SUPPLIED DATA:
——
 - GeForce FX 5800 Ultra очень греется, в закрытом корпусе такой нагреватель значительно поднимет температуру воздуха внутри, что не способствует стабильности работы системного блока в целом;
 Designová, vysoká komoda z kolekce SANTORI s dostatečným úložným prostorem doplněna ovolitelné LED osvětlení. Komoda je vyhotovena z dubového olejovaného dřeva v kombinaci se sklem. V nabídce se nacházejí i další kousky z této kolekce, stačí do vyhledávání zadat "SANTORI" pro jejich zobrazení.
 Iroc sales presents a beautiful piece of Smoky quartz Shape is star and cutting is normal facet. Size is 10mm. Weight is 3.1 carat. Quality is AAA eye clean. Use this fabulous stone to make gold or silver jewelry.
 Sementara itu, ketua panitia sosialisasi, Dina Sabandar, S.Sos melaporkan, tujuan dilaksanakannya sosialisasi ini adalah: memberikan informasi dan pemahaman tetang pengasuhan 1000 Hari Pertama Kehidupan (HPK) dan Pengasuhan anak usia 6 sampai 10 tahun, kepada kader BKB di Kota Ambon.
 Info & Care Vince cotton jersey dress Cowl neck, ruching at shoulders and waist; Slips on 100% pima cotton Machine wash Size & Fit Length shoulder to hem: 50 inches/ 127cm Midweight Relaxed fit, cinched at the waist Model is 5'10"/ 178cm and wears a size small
——
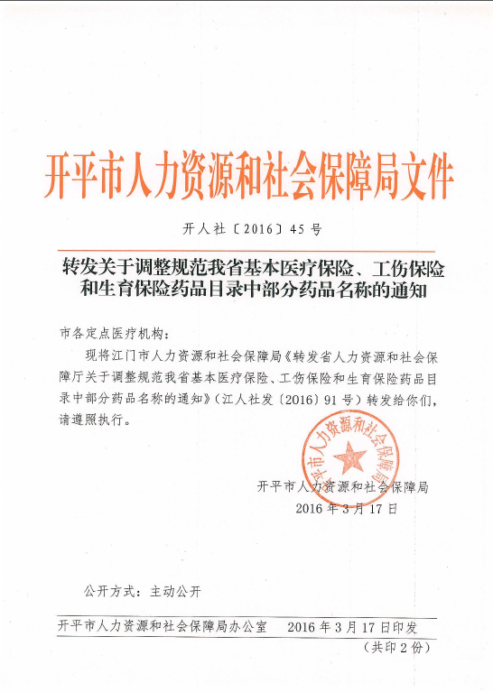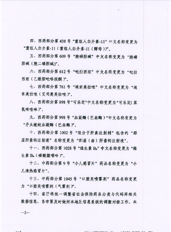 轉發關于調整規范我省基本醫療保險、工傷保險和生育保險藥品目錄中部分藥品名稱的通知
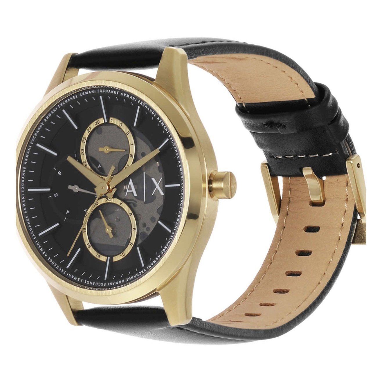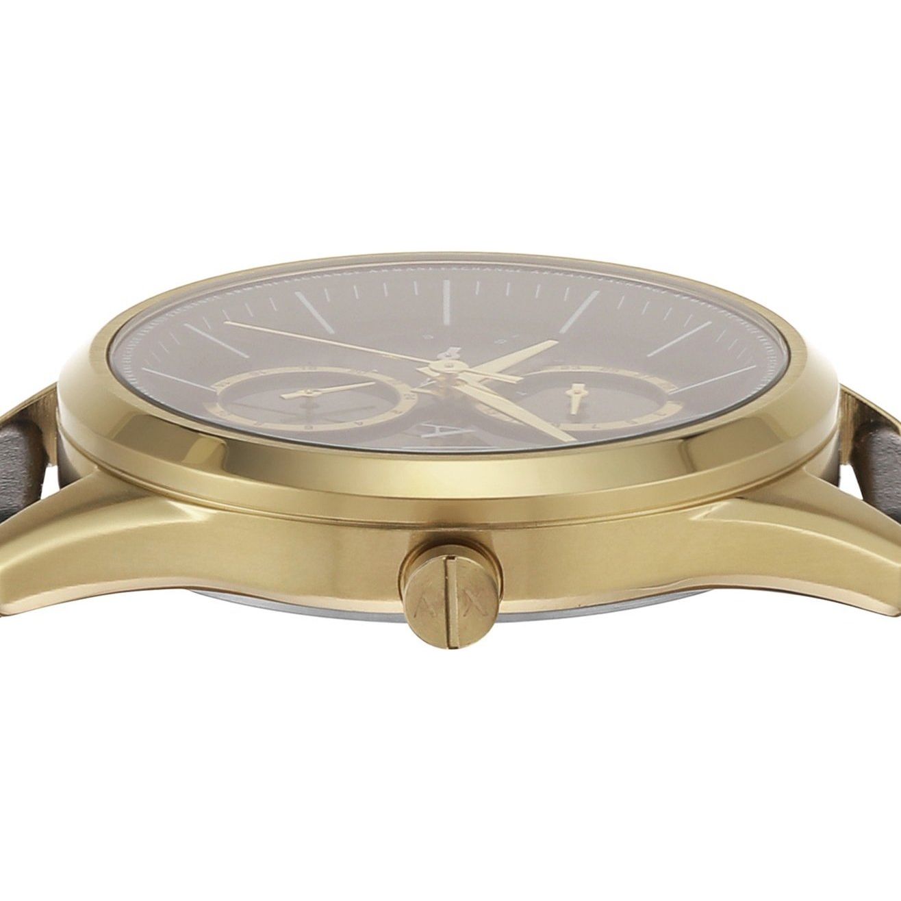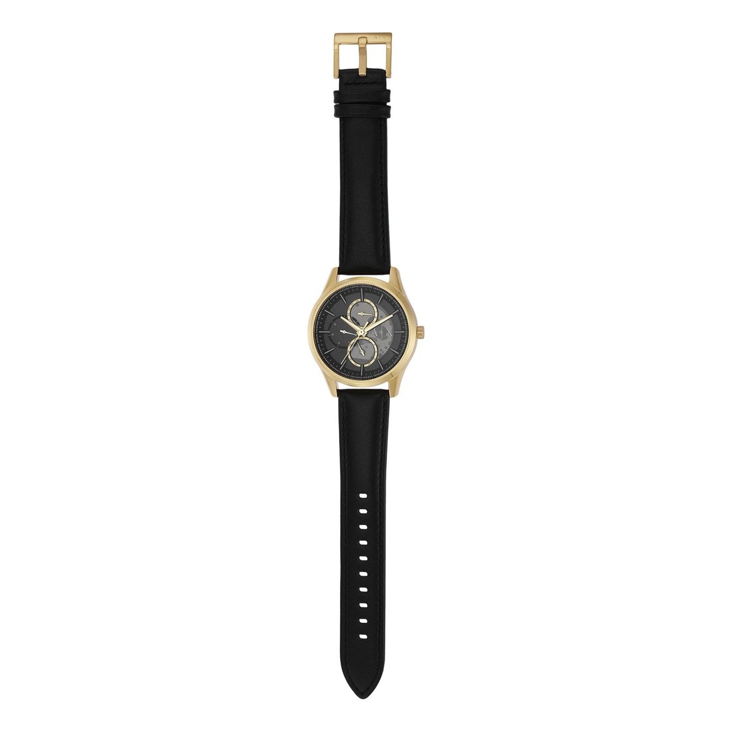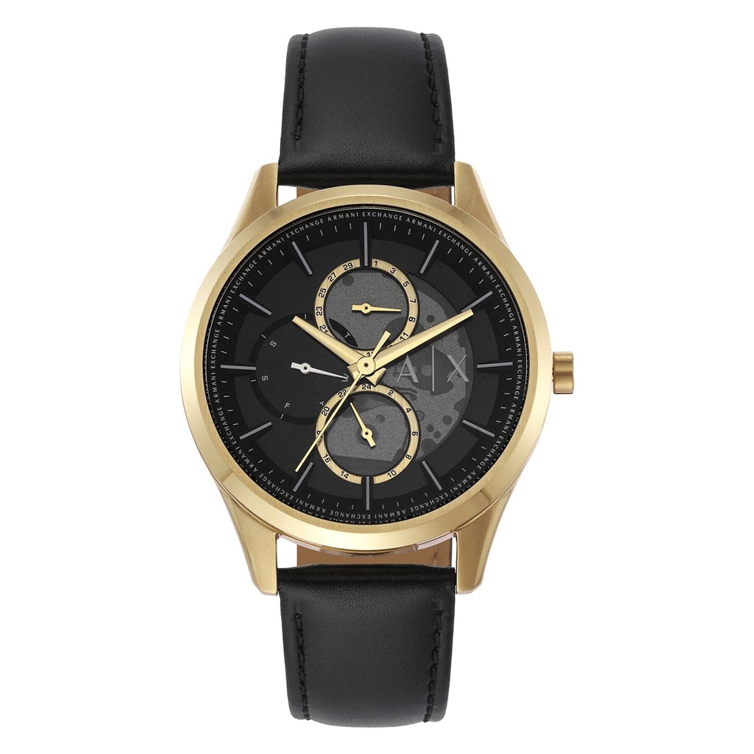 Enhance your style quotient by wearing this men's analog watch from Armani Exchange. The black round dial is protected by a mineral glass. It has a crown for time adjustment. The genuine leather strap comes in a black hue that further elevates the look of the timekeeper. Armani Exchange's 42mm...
——
Using the records above, set down exactly the lines from the one with "- GeForce FX" through the one with "Iroc sales presents", inclusive, and nothing more.

 - GeForce FX 5800 Ultra очень греется, в закрытом корпусе такой нагреватель значительно поднимет температуру воздуха внутри, что не способствует стабильности работы системного блока в целом;
 Designová, vysoká komoda z kolekce SANTORI s dostatečným úložným prostorem doplněna ovolitelné LED osvětlení. Komoda je vyhotovena z dubového olejovaného dřeva v kombinaci se sklem. V nabídce se nacházejí i další kousky z této kolekce, stačí do vyhledávání zadat "SANTORI" pro jejich zobrazení.
 Iroc sales presents a beautiful piece of Smoky quartz Shape is star and cutting is normal facet. Size is 10mm. Weight is 3.1 carat. Quality is AAA eye clean. Use this fabulous stone to make gold or silver jewelry.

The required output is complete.